Lectura del santo evangelio según san Marcos (10,17-30):
En aquel tiempo, cuando salía Jesús al camino, se le acercó uno corriendo, se arrodilló y le preguntó: «Maestro bueno, ¿qué haré para heredar la vida eterna?»
Jesús le contestó: «¿Por qué me llamas bueno? No hay nadie bueno más que Dios. Ya sabes los mandamientos: no matarás, no cometerás adulterio, no robarás, no darás falso testimonio, no estafarás, honra a tu padre y a tu madre.»
Él replicó: «Maestro, todo eso lo he cumplido desde pequeño.»
Jesús se le quedó mirando con cariño y le dijo: «Una cosa te falta: anda, vende lo que tienes, dale el dinero a los pobres, así tendrás un tesoro en el cielo, y luego síguerne.»
A estas palabras, él frunció el ceño y se marchó pesaroso, porque era muy rico. Jesús, mirando alrededor, dijo a sus discípulos: «¡Qué difícil les va a ser a los ricos entrar en el reino de Dios!»
Los discípulos se extrañaron de estas palabras. Jesús añadió: «Hijos, ¡qué difícil les es entrar en el reino de Dios a los que ponen su confianza en el dinero! Más fácil le es a un camello pasar por el ojo de una aguja, que a un rico entrar en el reino de Dios.»
Ellos se espantaron y comentaban: «Entonces, ¿quién puede salvarse?»
Jesús se les quedó mirando. y les dijo: «Es imposible para los hombres, no para Dios. Dios lo puede todo.»
Pedro se puso a decirle: «Ya ves que nosotros lo hemos dejado todo y te hemos seguido.»
Jesús dijo: «Os aseguro que quien deje casa, o hermanos o hermanas, o madre o padre, o hijos o tierras, por mí y por el Evangelio, recibirá ahora, en este tiempo, cien veces más casas y hermanos y hermanas y madres e hijos y tierras, con persecuciones, y en la edad futura, vida eterna.»
Comentario
Cuando tenemos sed de agua, buscamos dónde beber. Cuando sentimos hambre de alimentos, buscamos qué comer. Incluso cuando sentimos la sed honda de ser amados y acariciados por alguien, buscamos con nuestros ojos otros ojos que nos estén mirando. Pero cuando la sed no tiene nombre, no sabemos dónde ir para saciarla.

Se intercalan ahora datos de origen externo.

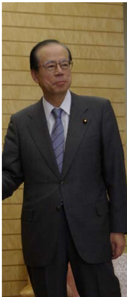
Yasuo Fukuda, primer ministro japonés

Robert B. Zoellick, presidente del Grupo del Banco Mundial, participó en un debate sobre precios de los alimentos organizado en forma conjunta con la Organización de las Naciones Unidas para la Agricultura y la Alimentación, el Programa Mundial de Alimentos de Naciones Unidas y el Fondo
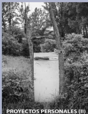
PROYECTOS PERSONALES (II)
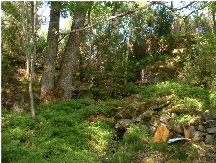
Figur 4. Bäck med stenbro och ek

Vi kan dock ha feltolkat kartan men, oavsett vilket, bör denna plats undvikas och vi instämmer i synpunkterna från RKK att detta är en olämplig passage.
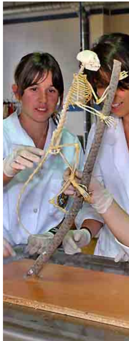
UNIVERSIDAD ALFONSO X EL SABIO

Preside la Red Interuniversitaria de Posgrados en Turismo y colabora con Tourespaña, Segittur y el Consejo Superior de Cámaras.
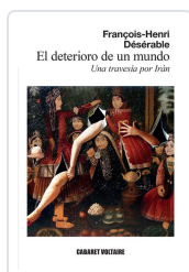
El deterioro de un mundo Désérable, François-Henri
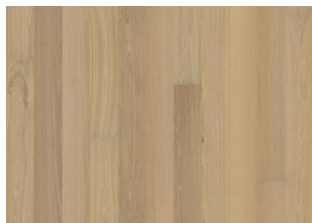
Eik Honey Oat
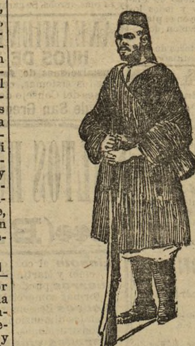
Soldado rifeno al servicio de España

Una de estas dos cosas, cuando menos, recabará el marqués del Vado de ese alcalde. Si no recae, cuando menos, una de estas dos cosas, creeríamos que Maura sigue disfrutando el Poder, que Valladolid es una prolongación de Sánchez Guerra y que los escándalos de Valladolid pueden ahogar a los de Carcabuey sobre el mismo altar de vergonzosa oligarquía.
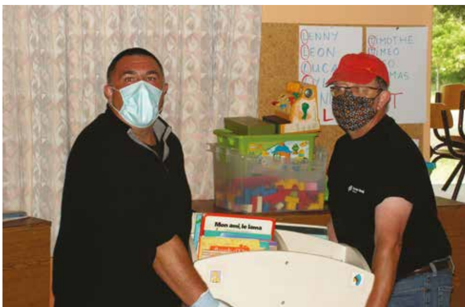
Les élus de retour à l'école

Nous tenons à remercier toutes celles et tous ceux d'ici et d'ailleurs qui nous ont adressé leurs félicitations et leurs encouragements à poursuivre notre action au service de la population.
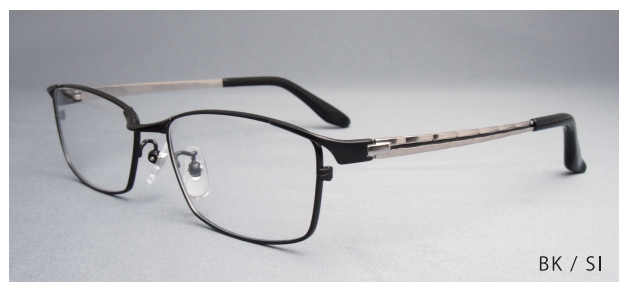
BK / SI
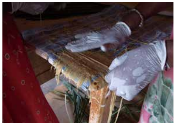
《彼女の手、彼女の生活》2024年 / セネガルの紙に鉛筆 / h65.2 × w50cm Her hands, her life, 2024/ pencil on Senegalese paper/ h65.2 × w50cm

セネガルの女性たちが作ったティファペーパーを素材にした作品です。ティファは水辺に生える植物で、その繊維を一筋ずつ並べて紙が作られます。女性たちが楽しそうにおしゃべりをしながら繊維を置いていくその様子を観察しながら、私は完成した紙の繊維の順序や重なり刻まれた彼女たちの手の軌跡をたどりました。日常の所作が物質のなかに静かに定着していく構造は、これまでの制作と重なります。
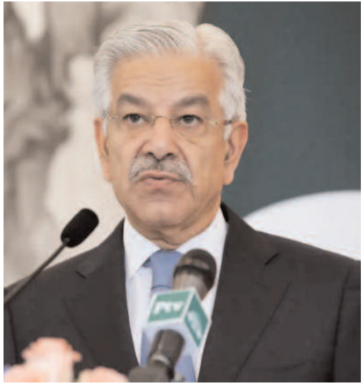
దాడులకు పాల్పడే అవకాశం ఉందని ఇంటెలిజెన్స్ సమాచారం అందింది. ఎన్నికల వాతావరణాన్ని చెడగొట్టే పాక్ ప్రధాన ఉద్దేశమని అధికారులు అనుమానిస్తున్నారు.

న్యూఢిల్లీ/కోల్ కత్తా, ఏప్రిల్ 6: భారత్లో ఏదైనా 'పాల్స్ ఫైర్' అపరేషన్ జరిగితే, దానికి ప్రతికారంగా కోల్ కత్తాను టార్గెట్ చేస్తామంటూ పాకిస్తాన్ రక్షణ మంత్రి ఖవాజా అసిఫ్ చేసిన వివాదాస్పద వ్యాఖ్యలు అంతర్జాతీయంగా కలకలం రేపుతున్నాయి. ఈ నేపథ్యంలో భారత భద్రతా ఏజెన్సీలు అత్యంత అప్రమత్తమయ్యాయి. పాక్ మంత్రి వ్యాఖ్యల వెనుక ఉన్న లోతైన కుట్రలను అధికారులు విశ్లేషిస్తున్నారు. పశ్చిమ బెంగాల్లో ప్రస్తుతం జరుగుతున్న ఎన్నికల ప్రక్రియను దృష్టిలో ఉంచుకునే పాక్ మంత్రి కోల్ కత్తాను ప్రస్తావించారని నిఘా పర్సనల్ ఖాతాలో ఉన్నాయి. హుజూర్-ఉల్-జిహాద్ ఇస్లామీ (హుజీ), జమాత్-ఉల్-ముజాహిదీన్ బంగ్లాదేశ్ (జేఎంబీ) వంటి ఉగ్రవాద సంస్థలను రెప్పగొట్టి, బెంగాల్ మరియు అసోం రాష్ట్రాల్లో
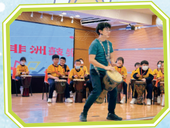
三十多人一起合奏非洲鼓。
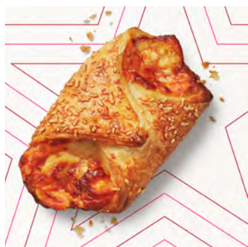
Croissant prosciutto e formaggio
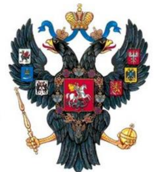
Различные изображения герба Российской империи
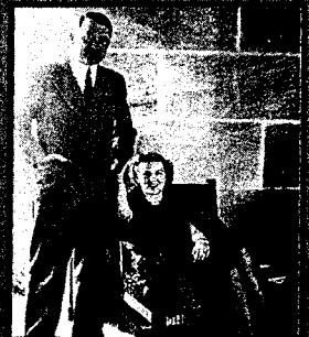
Adolf Hitler og Eva Braun giftet seg under sluttkampene i 1945. 39 timer etter begikk de selvmord.

het funnet 28 filmruller som tilhørte Hitles elskerinne Eva Braun. Vi får se klipp fra selskapsliv, Norges- og Italia-reiser og bade- og skiferier.
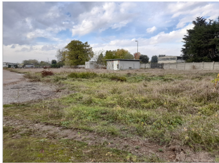
1. VISTA CONFINE OVEST
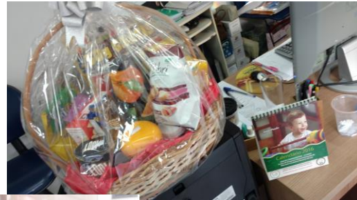
Cesta de Dia dos Pais
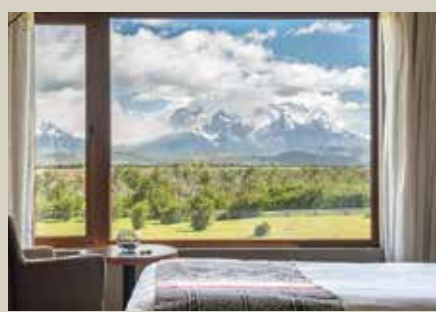
百內國家公園入住特色渡假酒店 Rio Serrano 或 Lago Grey
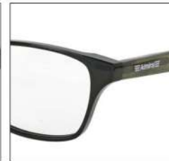
No.3 F:ブラック T:カーキ
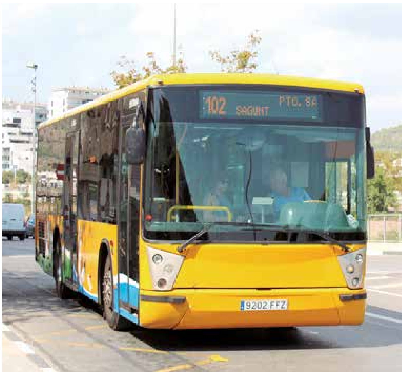
Un autobús interurbano de la línea Sagunt-Port de Sagunt.

Entre estas tres líneas, hay una que afecta al Camp de Morvedre y es la CV-102. Valencia Metropolitana Nord, que se ha adjudicado a Autos Vallduxense, S.L. (AVSA) con la previsión de que entre en funcionamiento este 2024. Cubrirá la conexión entre Valencia con: Albalat dels Sorells, Alboraià, Port Saplaya, Almàssera, Almenara, Bonrepòs i Mirambell, Canet d'En Berenguer, Platja de Canet, El Puig de Santa Maria, Platja del Puig, Emperador, Foios, La Pobla de Farnals, Platja de la
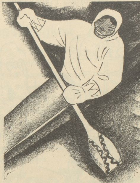
2. Der Eskimo trägt keine SUN , weil er sie nicht kennt.
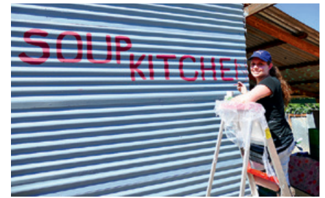
Sinnvoll Unterwegs e. V. beim Arbeitseinsatz in der Suppenküche.
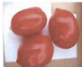
Tomates variétés INERA
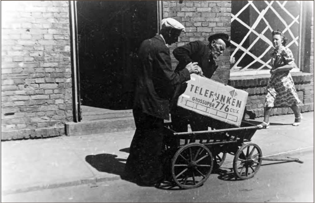
Nõukogude võim rekvideeris sõja puhkedes raadioaparaadid, Saksa ajal anti need tagasi ning osa inimesi peitis oma aparaadid ära. Pärnu, sügis 1941.

Todos sentimos, a veces, esa sed sin nombre ni destino. Cuando los ruidos cesan en nuestra vida, cuando la insatisfacción nos hace entrar en el cuarto de nuestra soledad, nos percatamos de que la inquietud que sentíamos, sin ser conscientes del todo, es esa sed de sentido, esa llamada, que nos hace ser.
En el evangelio, un hombre se acercó a Jesús y le preguntó qué hacer para heredar la vida eterna. Cumplía los mandamientos de Moisés desde su juventud; ¿a qué venía esa pregunta?, ¿por qué sentía esa inseguridad. Simplemente se hizo consciente de la sed sin nombre que habita en todos nosotros y que nos abre a la inmensidad en la que anhelamos vivir en plenitud.
La sed sin nombre nos remite siempre a rostros concretos con los que compartir nuestra vida. En la contradicción que somos, el Innombrable nos devuelve a los nombres cotidianos y concretos, a los rostros sencillos y sufrientes de quienes nos rodean. Nos devuelve a los nombres de Palmira, de Kevin o Fátima; de Carmen, de Samuel o de Sandra. Nos devuelve a sus rostros y a sus vidas con la inquietud de entregarnos sin reservas, buscando sólo su bien; renunciando a lo que ya no tiene valor porque hemos encontrado ya la fuente que aquella sed calma.